Bremerhavens Schuldezernent Michael Frost macht deutlich, dass aus kommunaler Sicht der Bund stärker in die Verantwortung für die Bildungspolitik gehen und steuernde Funktionen übernehmen müsse – sowohl was die finanzielle Ausstattung als auch die Qualifikation von Fachkräften angehe. „Der Bund muss dazu beitragen, dass der Konkurrenzkampf der Länder um Personal aufhört“, sagt Frost. Er zeigt sich mit Marlis Tepe darin einig, dass die Steuerung der Universitäten durch die Landesregierung nicht mehr funktioniere. Das sei mitverantwortlich für den herrschenden Fachkräftemangel. „Es besteht ein Widerspruch zwischen der Freiheit der Wissenschaft und den Bedarfen der Gesellschaft“, betont er und verweist darauf, dass es an der Universität Bremen für die Sekundarstufe keinen Studiengang mit einem Schwerpunkt für inklusive Pädagogik gebe.

Ressourcen reichen nicht

Ob bei den anschließenden Besuchen der beiden Bremer Oberschulen an der Helgolander Straße und am Barkhof oder bei der Sitzung des Landesvorstands der GEW Bremen, es sind immer wieder dieselben Themen, die den Lehrkräften sowie Gewerkschafterinnen und Gewerkschaftern unter den Nägeln brennen: Die finanziellen und personellen Ressourcen zur gelungenen Umsetzung von Inklusion und Integration sowie für gute Bildung insgesamt reichen vorne und hinten nicht aus.
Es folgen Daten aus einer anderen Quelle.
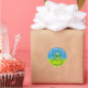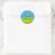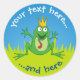 Prinzfrosch Cartoon mit Krone über grünem Gras unter blauem Himmel. Zwei benutzerdefinierte Textfelder im Kreis.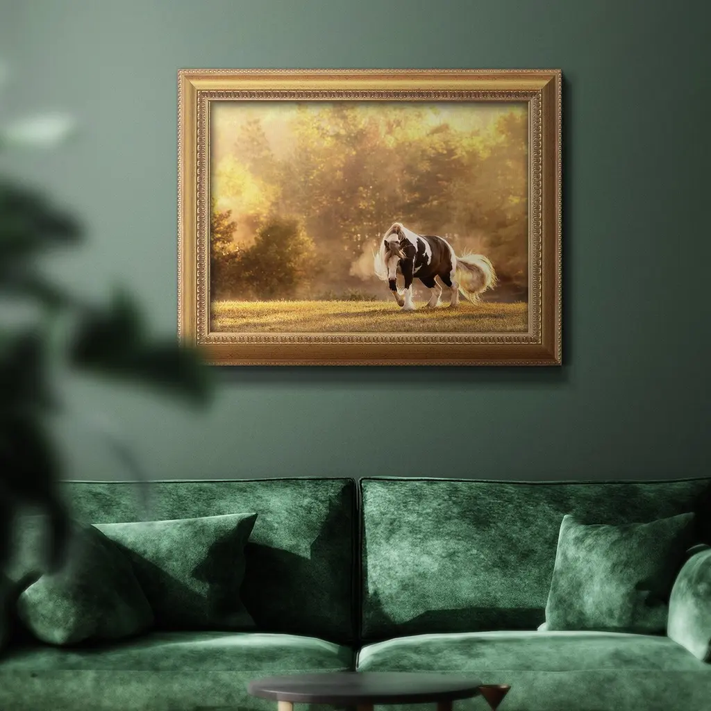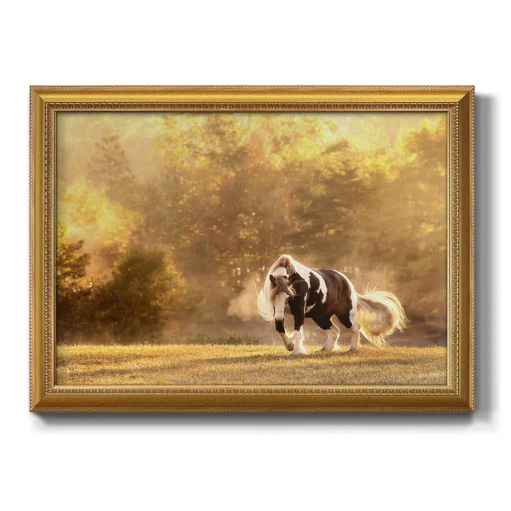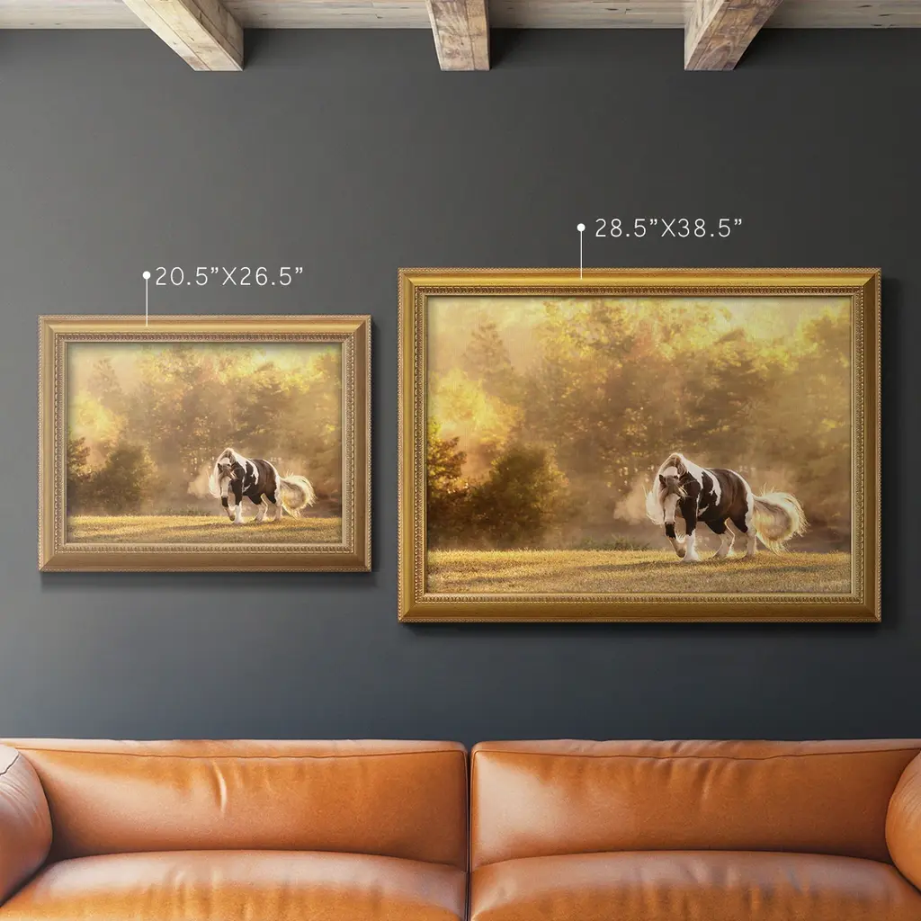 Horse Motion III Premium Framed Canvas- Ready to Hang A Premium Framed Canvas created to last. Framed in distressed wood and available in an array of sizes and colors Featuring a beveled a solid wood stretcher bar, each piece comes ready to hand 3 SIZES AVAILABLE 16''X20'' - Overall Size 18'X27'' - Overall Size 24''x36'' - Overall Size Each piece is made to order. Each piece comes with hanging hardware. Made in the USA Ready to Hang Giclee Paper Print Acrylic Glass Beveled Matt Board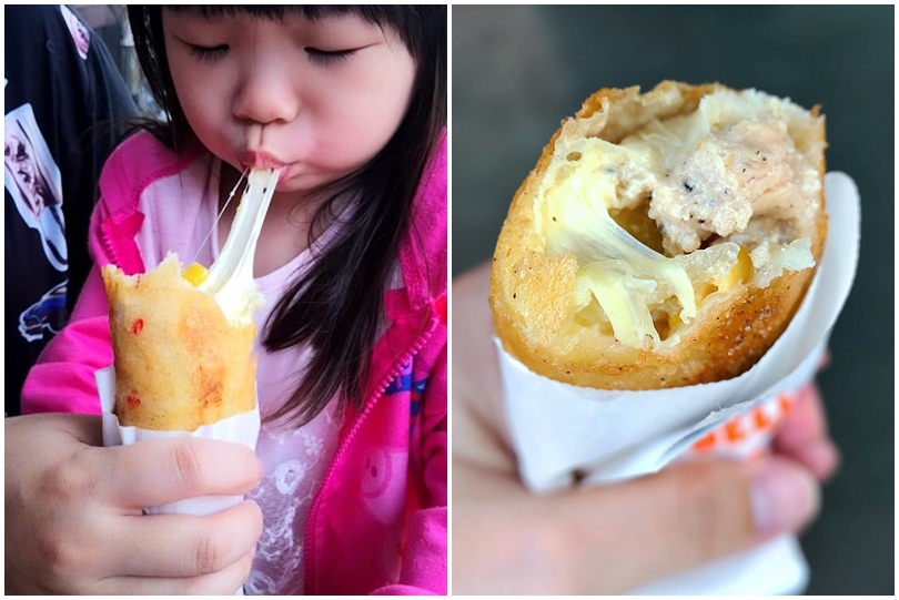「YOYO起司捲」不僅料多實在,薄酥的外皮搭配滿滿起司、玉米、洋蔥與雞肉(或鮪魚),帶點微微鹹香、黑胡椒香氣的滋味非常迷人,尤其那濃厚的起司香味更是讓人魂牽夢縈啊!且他們家的起司捲吃起來不會過於油膩,大人小孩都喜歡~大口是覺得兩間的美味程度其實差不多,大概就是85、87分左右的差別,如果排不到小蝌蚪的朋友,不妨也可以來吃吃看這間「YOYO起司捲」,同樣也會讓你一吃就愛上唷!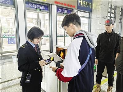 延平站工作人員正在為研學(xué)團(tuán)學(xué)生檢票(受訪者供圖)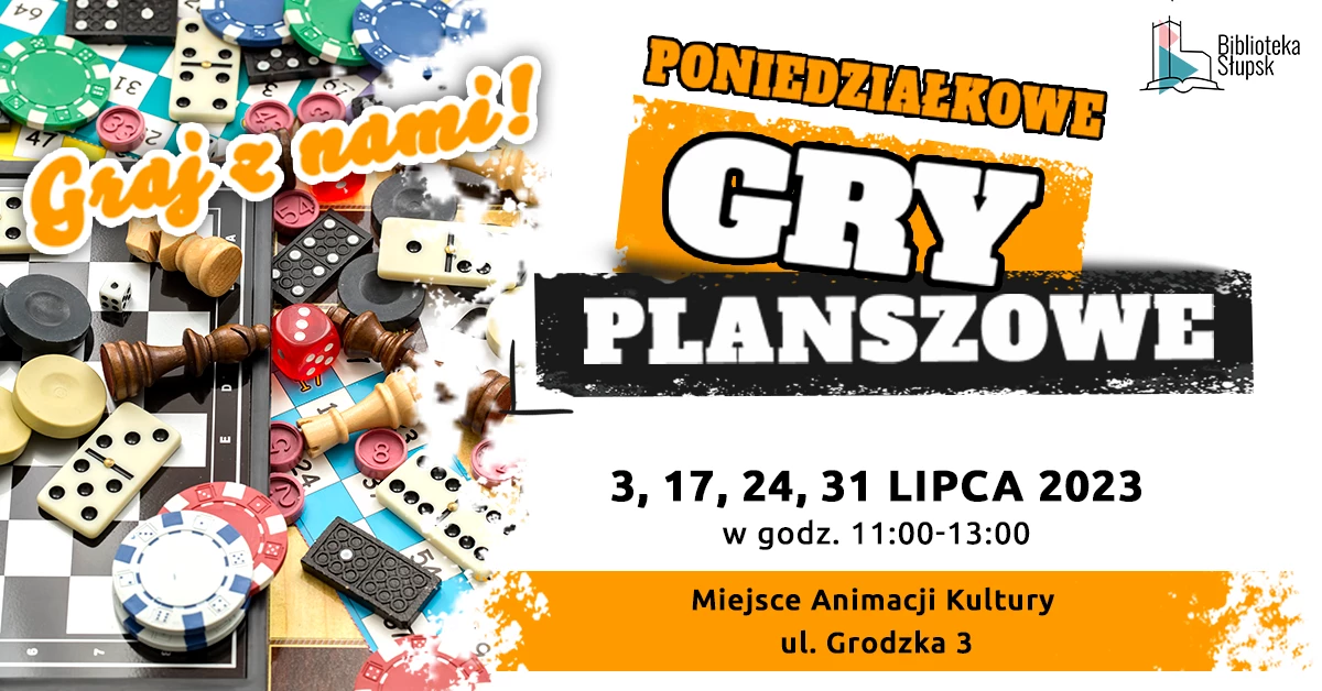 Zapraszamy na Poniedziałkowe GRY PLANSZOWE! (3, 17, 24 i 31 lipca 2023 r., w godz. 11:00-13:00).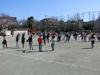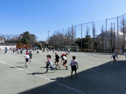 ロング昼休みは4年生が割り当てでした。各クラスとも、ボールゲームやおにごっこ系で盛り上がっていました。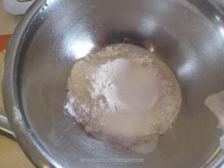 - Combine flour, yeast, salt, sugar and baking powder in a mixing bowl. Add oil and water and knead into a dough. It may not be smooth yet. Cover and let it rest for 20 minutes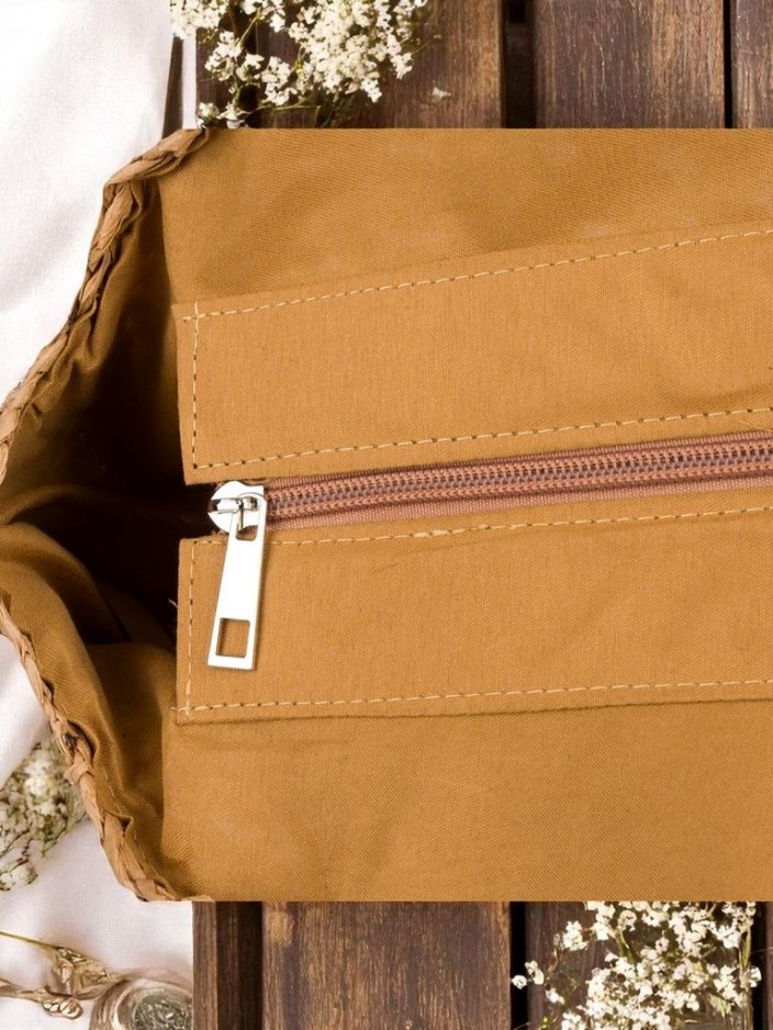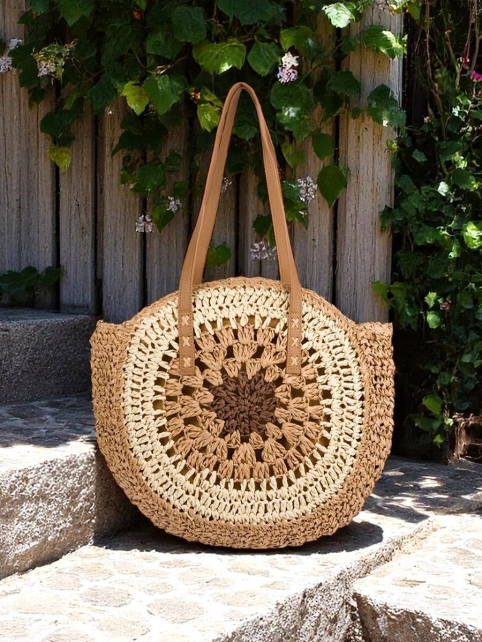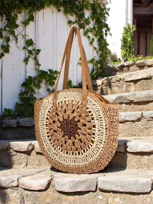 - Liela, puslodes formas salmu soma, pīta no salmiem un rotāta ar ziedu rakstu. 1 nodalījums, kabata, rāvējslēdzējs. Ideāli piemērota vasarai, pludmalei un stilīgām izklaidēm!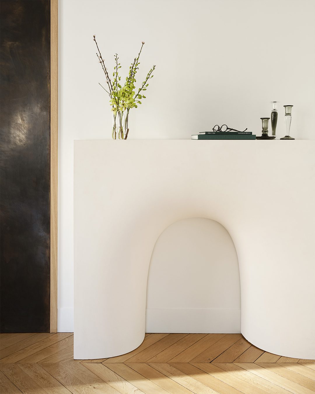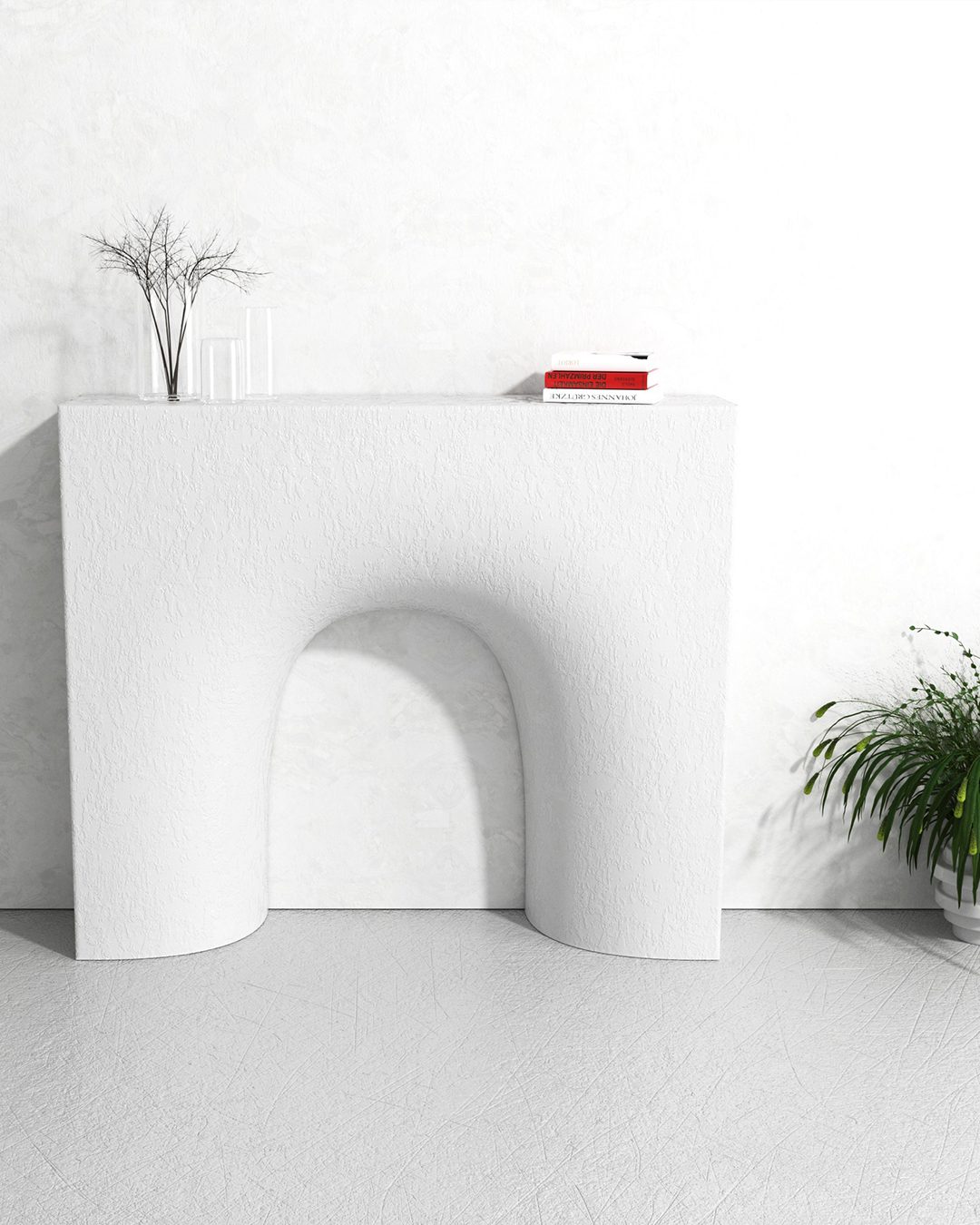 Console décorative en plâtre évoquant un feu de cheminée, elle trouvera parfaitement sa place dans les salles de réception ou les entrées d'intérieurs où l'art de recevoir est primordial.

Marlis Tepe: „Die Situation ist dramatisch und wirkt sich dramatisch aus.“ Drei der Kernforderungen, die sie an diesem Tag mehrfach zu hören bekommt – und die sie persönlich und die GEW ausdrücklich unterstützen: A 13 für alle Lehrkräfte, Anerkennung von Qualifikationen geflüchteter und eingewanderter Fachkräfte sowie Einführung von Deutsch als Zweitsprache (DaZ) als reguläres Schulfach.